For all Fianna Fáil’s talk of equality for women, only six were returned to the Dáil in 2016. Today they have a mere five.
And Thomas Byrne has yet to apologise to the most popular female politician in the State, Mary Lou McDonald, and to the women of Ireland over his deeply offensive liking of a tweet in February referring to her as a “c***”. Would he have liked something equally disgusting of a black, FG or Labour woman?
Following the formation of this latest government one thing is sure, Fianna Fáil will lead us, as they have frequently done, to economic ruin.
May God have mercy on us!
Séamus Ó Mathúna
Baile na Rátha, An Uaimh, An Mhí
Greens have failed to ease the despair of homelessness
It is obvious from the initial notes on the agreement to form a government that the new coalition has no intention of tackling the housing crisis in the only way it can be done – the State prioritising and implementing a programme of social house-building big enough to ensure every citizen can access a secure, adequate and decent place to live (‘From transport to education – what’s in the new Programme for Government, and what now?’, Irish Independent, June 15).
It is profoundly disappointing to see the Greens prepared to sit in government for five years and become benign onlookers as the misery caused by homelessness, and the threat of it, is allowed to persist.
It seems the pursuit of high office once again trumped any ambition to act on the common good.
Wind turbines generate a different type of problem
If the Greens are to hold sway with their base as members of government, a ban on gas exploration is a win. But it is a hollow win.
They should also seek divestment from wind energy turbines. Going after fossil fuel is easy. A harder, but more environmentally conscious effort would go after wind turbines too.
Not because of visual pollution, but because of real issues with turbine recycling and a reliance on landfills (there is more and more discussion on this coming out of the US and it was recently the subject of an investigation by Bloomberg Green – see ‘Wind turbines can’t be recycled’).
The Greens’ flaw is not that they’re right-wing, a foolish charge. Nor that they expose themselves through public bickering, something all parties do. A more serious flaw is their lack of ability to address difficult but important issues around the negative environmental impacts of wind energy.
You’d be forgiven for asking: “Where’s the beef?”
Frederick Lane North, Dublin 1
End of direct provision for asylum seekers welcome
I was delighted to see one of the elements to help get an agreement for a new government formation was to begin to see the end of the dreadful direct provision system for asylum seekers in this country.
Glenties, Co Donegal
Wage scheme needs to keep flying for key aviation sector
Economic activity has significantly contracted due to the public health emergency. Many sectors have been severely impacted, not least of which is the aviation sector, not only a huge source of employment but also a significant economic driver for the open economy that is Ireland.
As an island nation, connectivity is key and therefore strong air links and strong airlines need to be maintained and supported so green shoots of recovery can emerge when conditions allow.
The requirement to self-quarantine for 14 days upon arrival is having a detrimental effect on recovery plans for the airlines.
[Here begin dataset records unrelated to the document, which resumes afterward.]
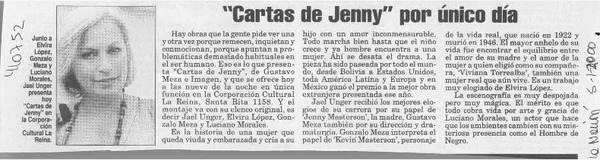 "Cartas de Jenny" por único día [artículo]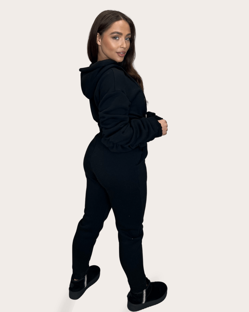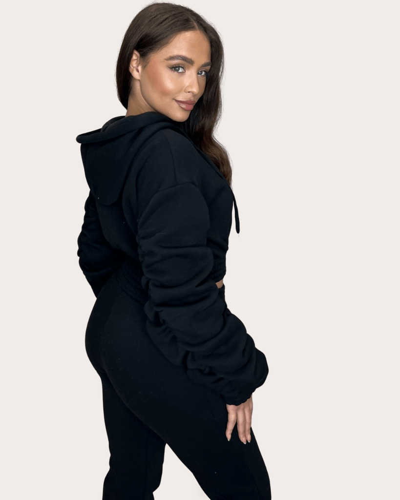 Expertly designed for comfort and style, this tracksuit features a hooded, cropped jacket with a zip fastening and drawstrings. The ruched sleeves and cuffed details add a touch of sophistication, while the jogger trousers boast an elasticated waist and cuffed ankles for a flattering fit. Perfect for any leisure activity.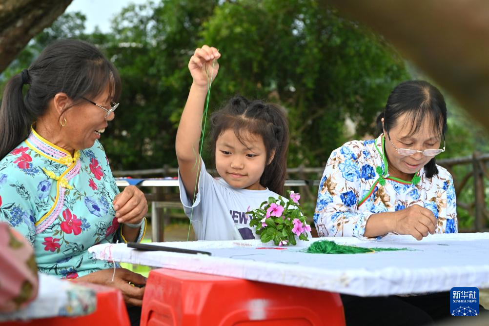 在田东县义圩镇朔晚村,一名小朋友在学习刺绣(8月20日摄)。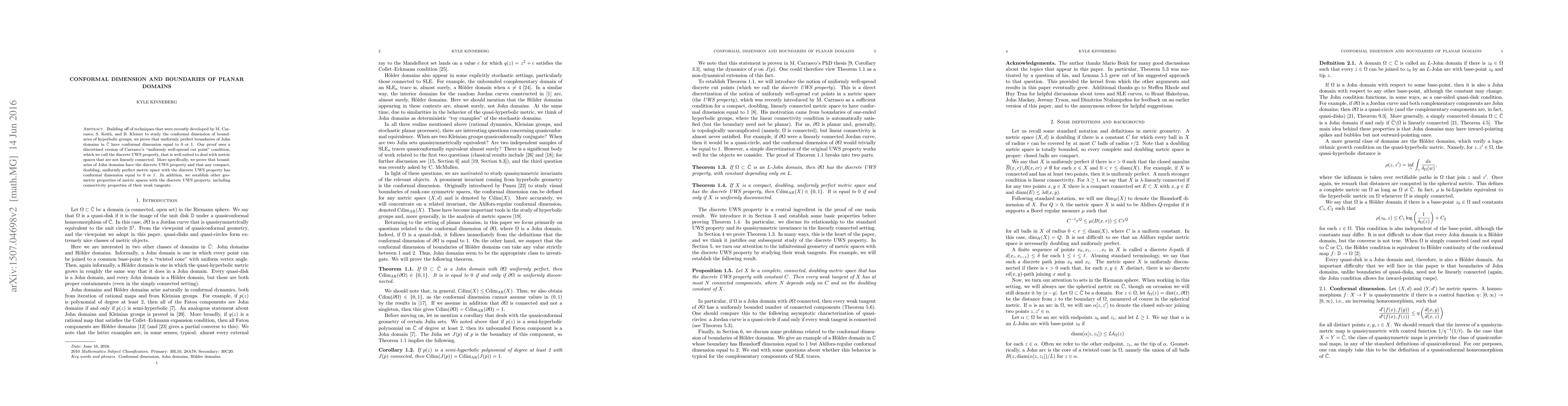 This paper proves that uniformly perfect boundaries of John domains in the Riemann sphere have conformal dimensions of either 0 or 1, using a discretized version of the "uniformly well-spread cut point" condition called the discrete UWS property. It also establishes geometric properties of metric spaces with this property, including connectivity properties of their weak tangents.
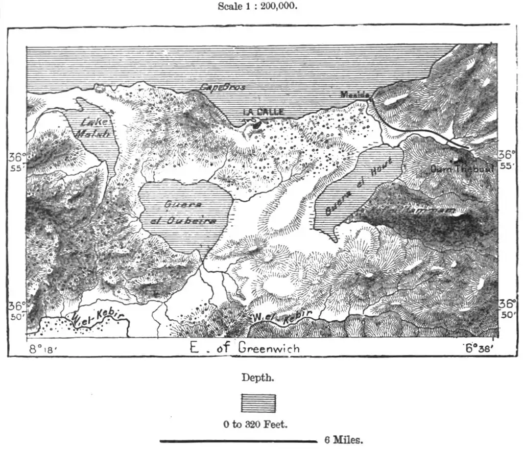 and ramifies eastwards in secondary sebkhas, which rise and fall according to the rainfall and greater or less evaporation. The Shott Melghigh, forming the northern division of the depression, terminates eastwards in the Shott Sellem, beyond which follow several others disposed north and south, and separated by a tongue of land from the Tunisian Shott Gharsa. This basin itself is separated only by Jerid from the vast sebkhas which stretch eastwards to the Isthmus of Cabes. At first sight it seemed natural enough to regard the whole of this lacustrine system as the remains of an ancient inlet, into which the mighty Igharghar discharged its waters, and this view was generally accepted before the true relief of the land had been determined by cureful surveys. It has now been made evident that neither in historic times, nor even in the present geological epoch, did the Igharghar reach the Tunisian shotts, which are separated from each other and from the sea by two rocky sills, showing no trace of ever having been subject to the action of water. The general slope of the land is aleo opposed to such a view, being inclined not seawards, but in the opposite direction, towards the inland lakes. The salts of the shotts are of diverse composition, differing from those of sea-water, and in certain places containing more sulphate of soda than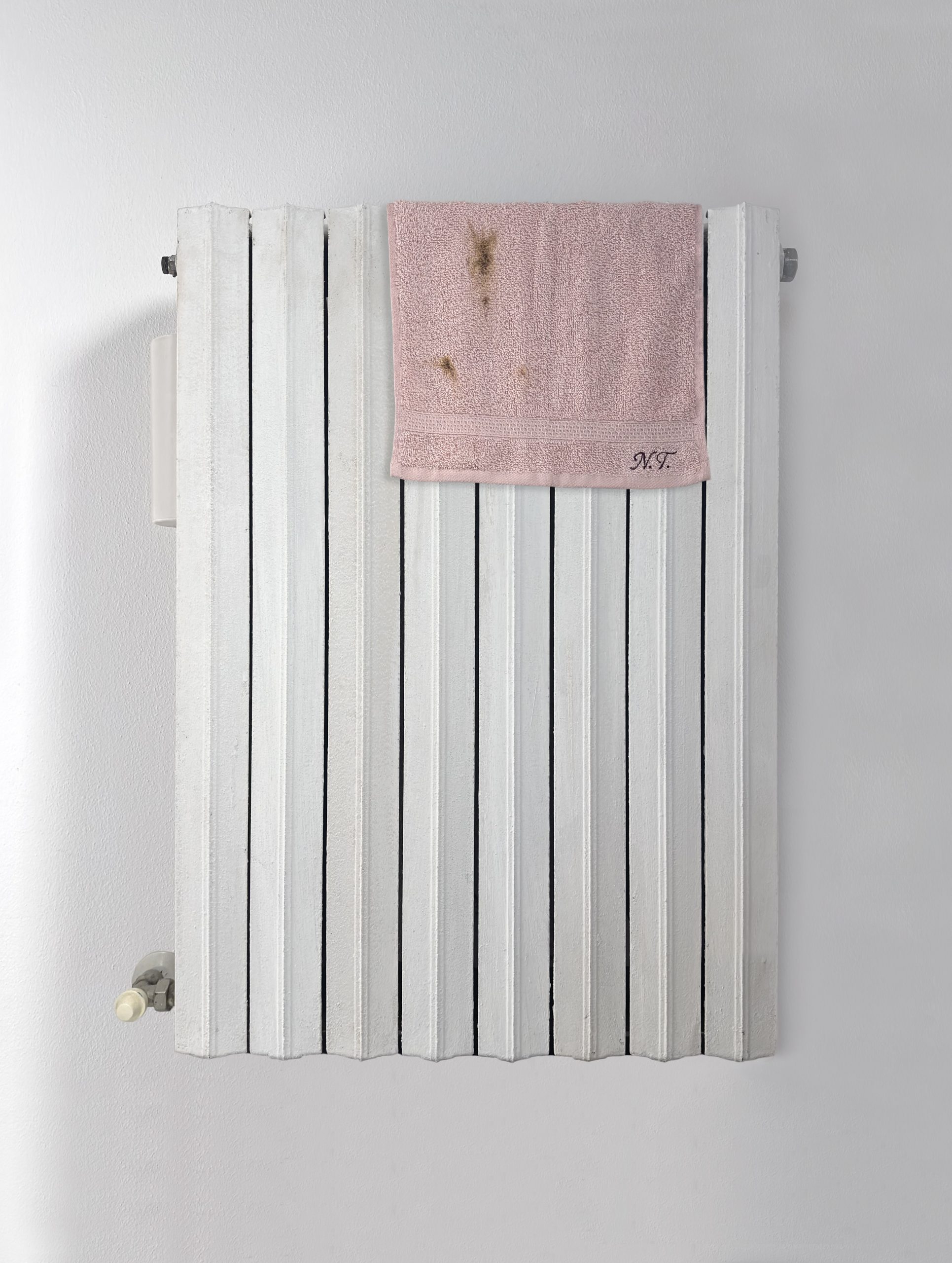 Su un semplice calorifero domestico, una salvietta da bidet apparentemente sporca di materia organica.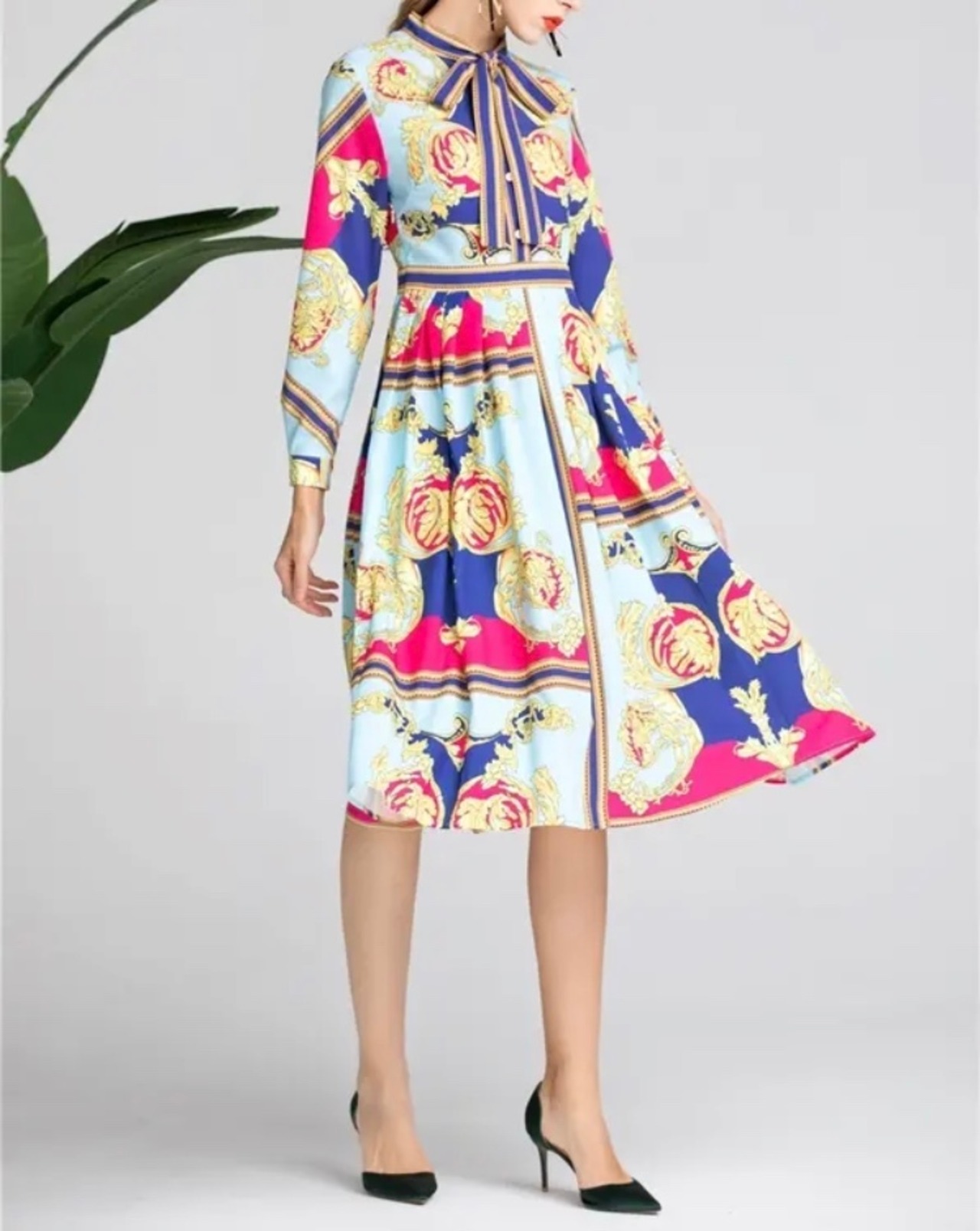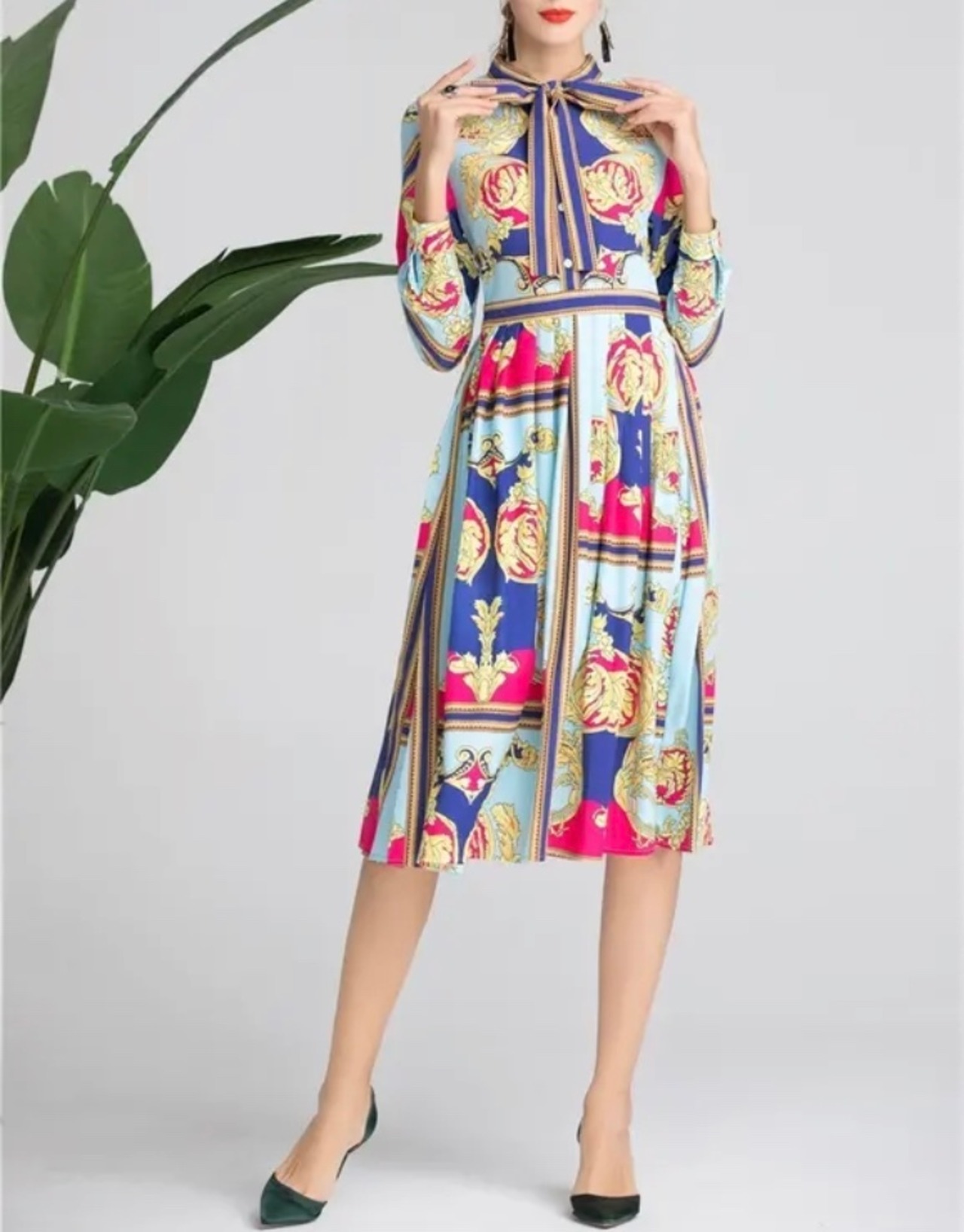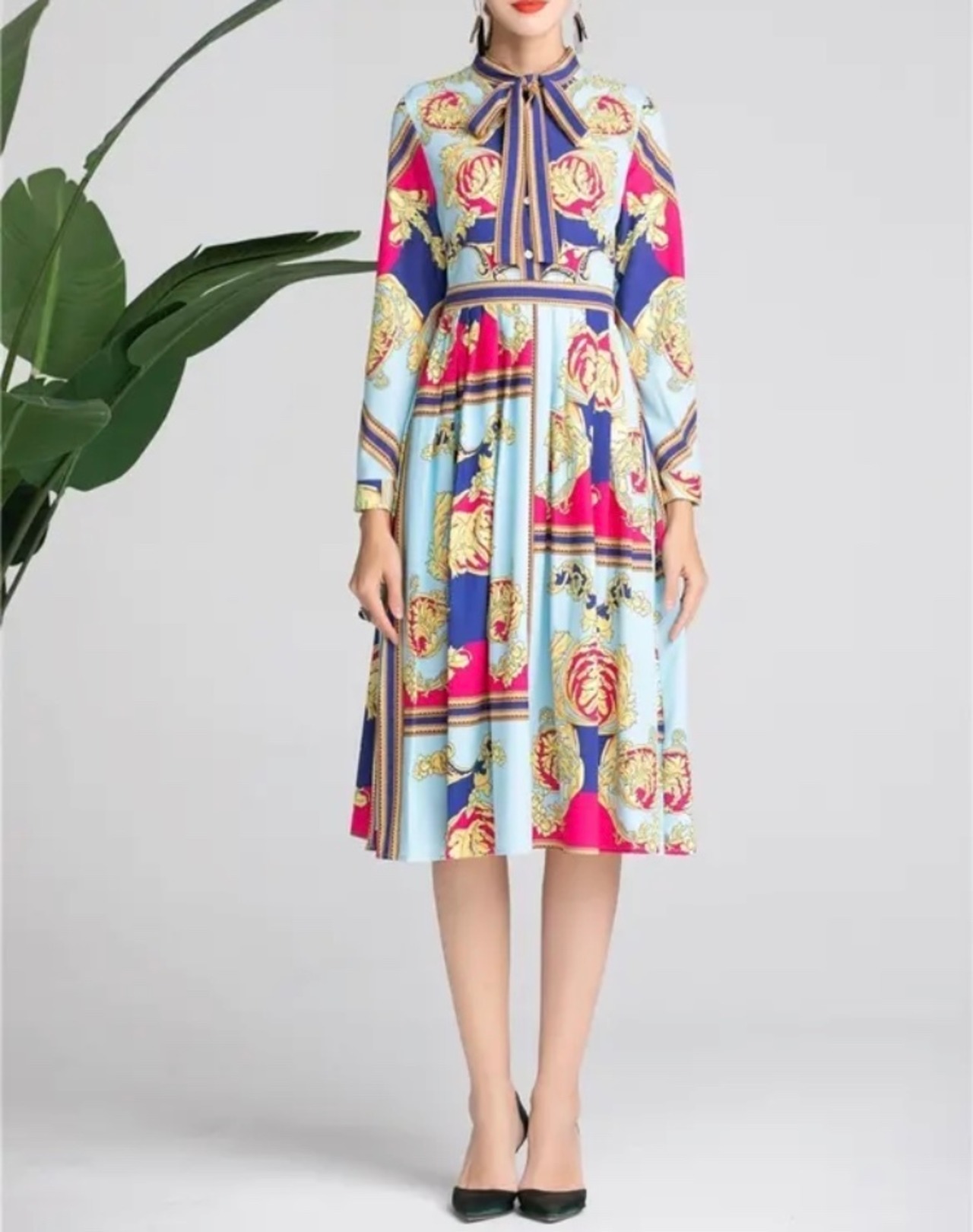 送料無料【即納】♡リボン プリーツフレアスカート 長袖 ゴージャスワンピース♡スカーフ柄 ブルー ピンク 水色 ミントブルー 襟

Once restrictions are lifted it will take some time for them to recover.
Airlines are putting entire staff on short time to retain flexibility advantage should an upswing occur when restrictions are lifted and pent-up demand can be realised.
The Temporary Wage Subsidy Scheme will need to be extended for the sector so airlines and workers are supported at this time until recovery returns – but with the caveat that airlines do not use such schemes to caustically erode the working conditions of those workers.